Exercise goal. Line by line, output everything from the one that contains "This is an extremely" through the end of the material below, exactly as written and with no pictures.
========================================
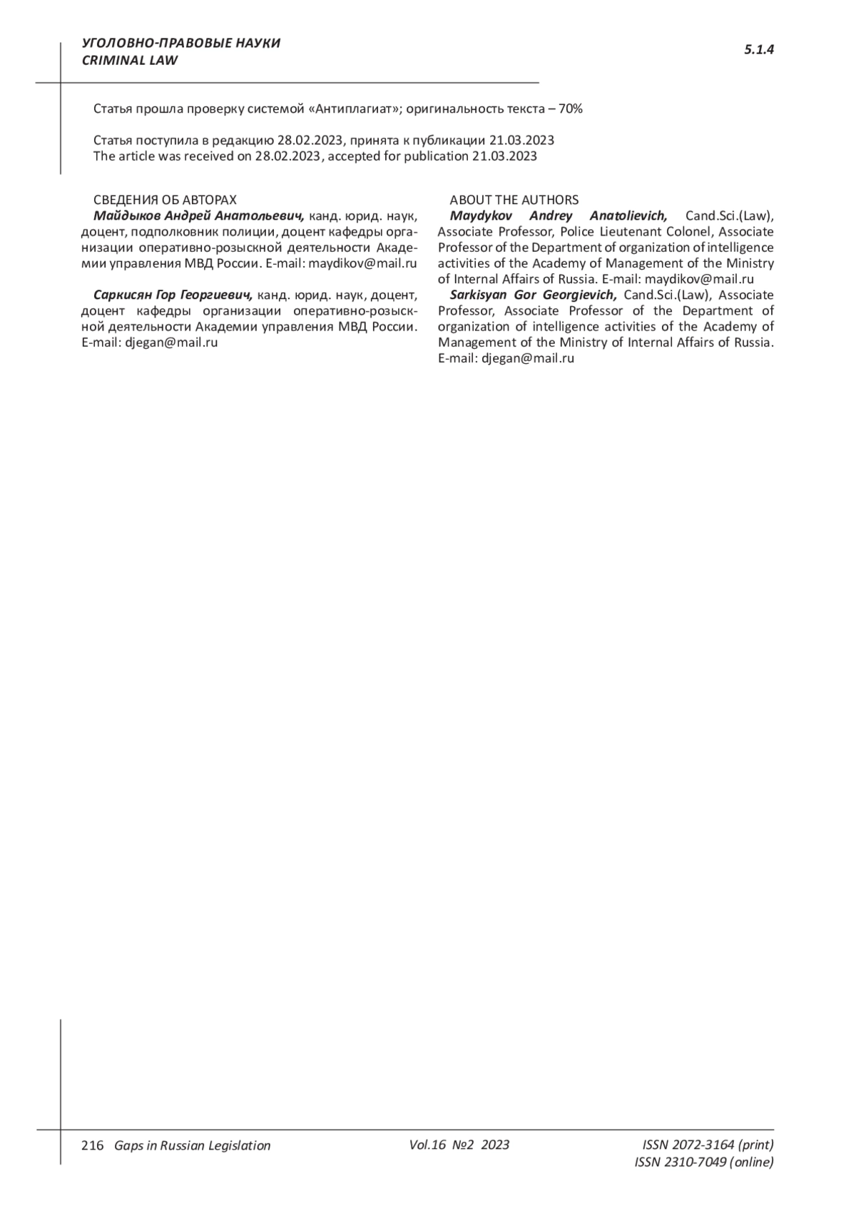 31. Жаров С.Н., Спришевский Н.С. О создании системы правового регулирования политического и уголовного сыска России в XIX - начале ХХ веков // Вестник Южно-Уральского государственного университета. 2012. № 20.
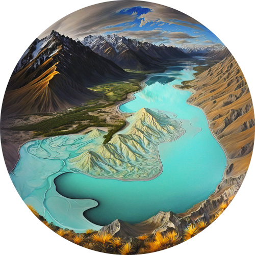 Striking landscapes transformed by the retreat of glaciers, the river flowing through the center of these artworks was likely fed by the melting ice of a glacier that once dominated the landscape. However, now the glacier has retreated, leaving behind a rocky, barren landscape dotted with patches of green vegetation.
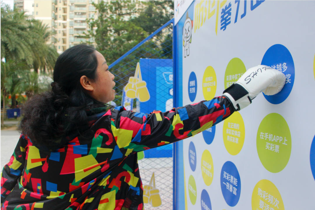 活动现场,两大反诈互动游戏成为“圈粉”焦点。其中,在“拳” 释新出彩游戏环节,市民通过挥拳击打靶墙上的涉彩反诈信息色块,在挥洒汗水的同时强化理性购彩认知;而在挑战“反诈视力表”环节前,大家瞪大双眼辨识反诈知识,将防范技巧牢记于心。
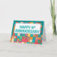 This is an extremely colorful employee 4 year anniversary card. The main colors are jade, pink, orange, red and yellow in a variety of shades. The pattern is made up of small squares containing geometric shapes. The text reads: HAPPY 4th ANNIVERSARY in matching jade and in a stylish font.
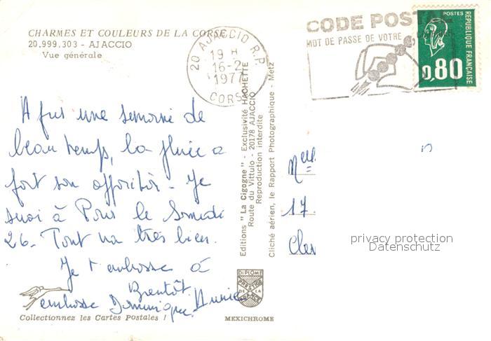 13519511 carte postale Ajaccio Stadtpanorama postalisch gelaufen Erhaltung siehe scans [KathaD81] KatCode: 1117002A12A004
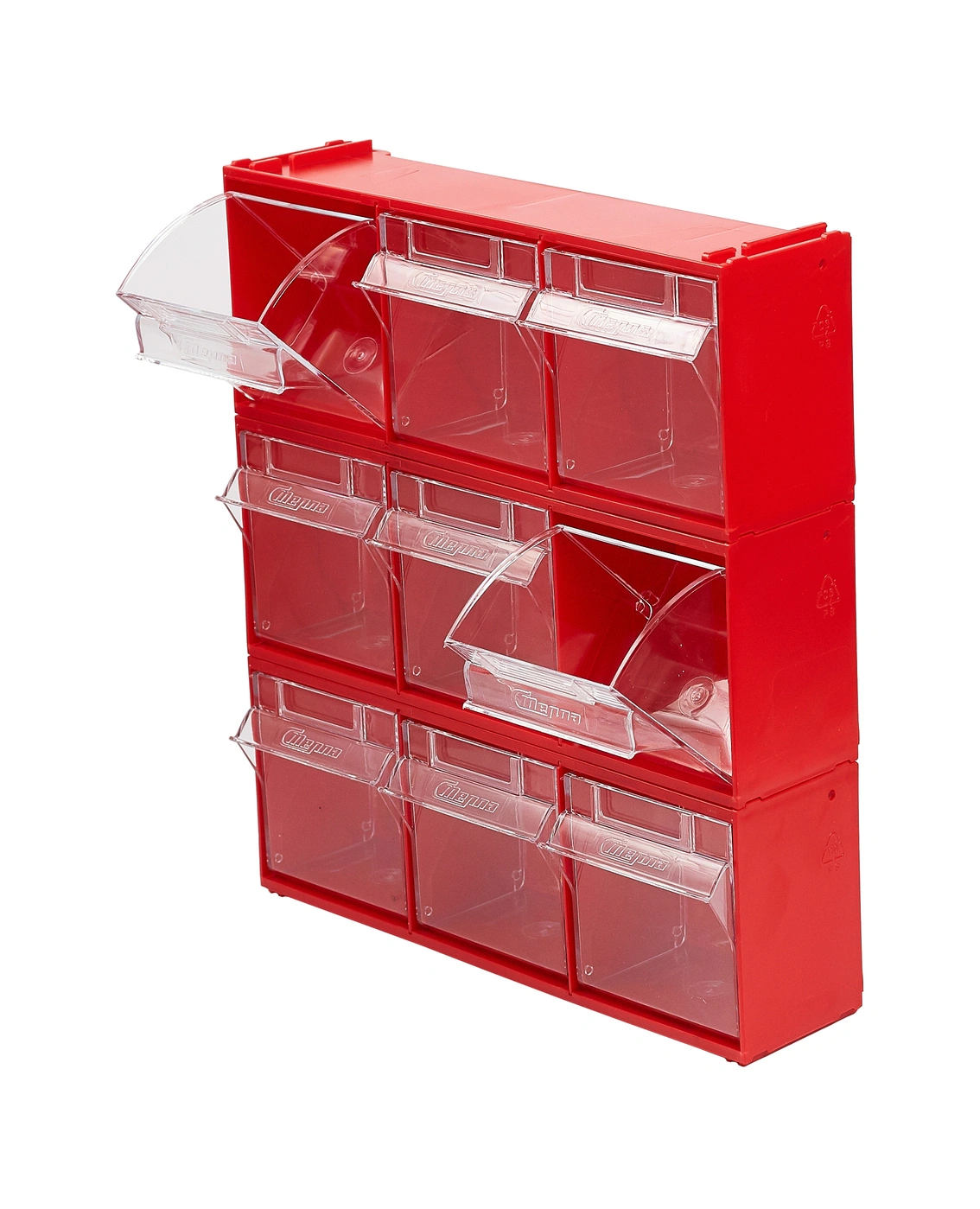 Короб откидной Стелла-техник F-300-3 (300х96х112мм.), красный, прозрачный, служит для хранения мелкоштучных предметов. Данная система хранения не подвержена случайному опрокидыванию. Откидные стандартные ячейки обеспечивают быстрый доступ к необходимым предметам. В случае необходимости полного высыпания или наполнения внутренние ячейки легко извлекается. Полезный внутренний размер ячеек 88х65х70мм. Специальный пластик, из которого выполнен короб, выдерживает значительные нагрузки и обладает оптимальной эластичностью. На основе данных коробов можно сформировать многоярусную систему хранения, выстраивая вертикально. Данный короб, через отверстия на задней стенке, легко можно прикрепить к стене или установить на специальные кронштейны (Артикул: Кронштейны-FOX-750). Обзорность содержимого сквозь прозрачные внутренние ячейки, наличие отсека для информационных бирок, легкое извлечение внутреннего короба для опустошения и наполнения, все это является неоспоримым преимуществом откидных коробов серии F. Температура эксплуатации от -10 до +70С.
========================================
Task output.
 This is an extremely colorful employee 4 year anniversary card. The main colors are jade, pink, orange, red and yellow in a variety of shades. The pattern is made up of small squares containing geometric shapes. The text reads: HAPPY 4th ANNIVERSARY in matching jade and in a stylish font.
 13519511 carte postale Ajaccio Stadtpanorama postalisch gelaufen Erhaltung siehe scans [KathaD81] KatCode: 1117002A12A004
 Короб откидной Стелла-техник F-300-3 (300х96х112мм.), красный, прозрачный, служит для хранения мелкоштучных предметов. Данная система хранения не подвержена случайному опрокидыванию. Откидные стандартные ячейки обеспечивают быстрый доступ к необходимым предметам. В случае необходимости полного высыпания или наполнения внутренние ячейки легко извлекается. Полезный внутренний размер ячеек 88х65х70мм. Специальный пластик, из которого выполнен короб, выдерживает значительные нагрузки и обладает оптимальной эластичностью. На основе данных коробов можно сформировать многоярусную систему хранения, выстраивая вертикально. Данный короб, через отверстия на задней стенке, легко можно прикрепить к стене или установить на специальные кронштейны (Артикул: Кронштейны-FOX-750). Обзорность содержимого сквозь прозрачные внутренние ячейки, наличие отсека для информационных бирок, легкое извлечение внутреннего короба для опустошения и наполнения, все это является неоспоримым преимуществом откидных коробов серии F. Температура эксплуатации от -10 до +70С.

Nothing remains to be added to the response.